Microgravity is known to impact neuro-muscular control mechanisms [10–12], which may affect astronauts’ post-flight muscle power development. The double-legged jump tests showed good reliability as has been reported previously [41, 42], and thus should produce meaningful post-flight data. A marked variation in jump values was observed, showing low reliability for SLJ max height for SLJ-L (ICC_3.1_ = 0.14), and SLJ-R (ICC_3.1_ = 0.51), although all other jump parameters showed ICCs higher than 0.6. For small samples like ours, the mean of all trials could be used instead of the single best effort, to smoothen samples with artefacts. Low reliability in the SLJ may be also related to the technical difficulty of performance, which requires considerable balance. Jump performance variation decreases with increased jumping experience [41, 43, 44], although large variation in vertical jump mechanical variables measured on force platforms occur even in highly trained athletes, and may thus affect reliability [41], and this could be an even bigger factor in astronauts, who are not professional athletes and cover a wide age range (27–60 years). With low reliability in our test population and the potential for even greater variation due to post-flight balance issues experienced by astronauts (and thus also safety concerns), our data suggest that the SLJ tests should be considered for removal from the AFA test battery.

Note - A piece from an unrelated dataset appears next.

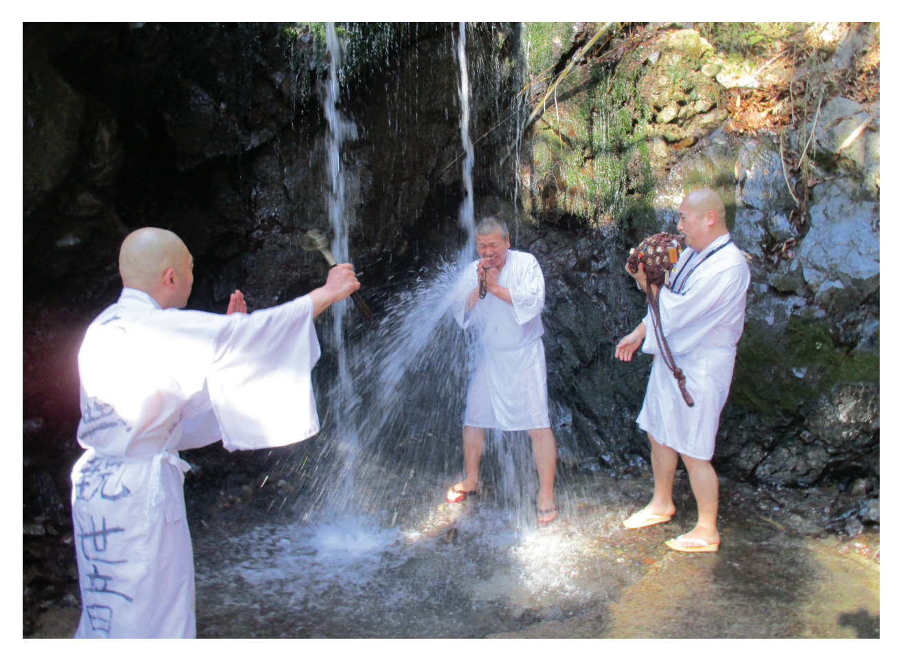
Photo 3: Meditation by sitting under a water fall in Manganji- Temple. Slika 3: Meditacija pod slapom v templju Manganji

Spirometry and lactate assessments (either alone or in combination) during treadmill running are established measurements for fitness evaluation [45–48]. An estimate and direct measurement of VO_2max_ from lactate measurements and spirometry produced high and comparable reliability, and thus appear appropriate for operational use with ESA astronauts. Based on the good reliability results with the ERGONIZER^®^ software, this suggests that it could be used independently from spirometry on the occasions when the spirometry equipment is not available for the AFA to make a direct measurement. We did not assess redundancy between both methods, although this would be useful and should be considered for future evaluation.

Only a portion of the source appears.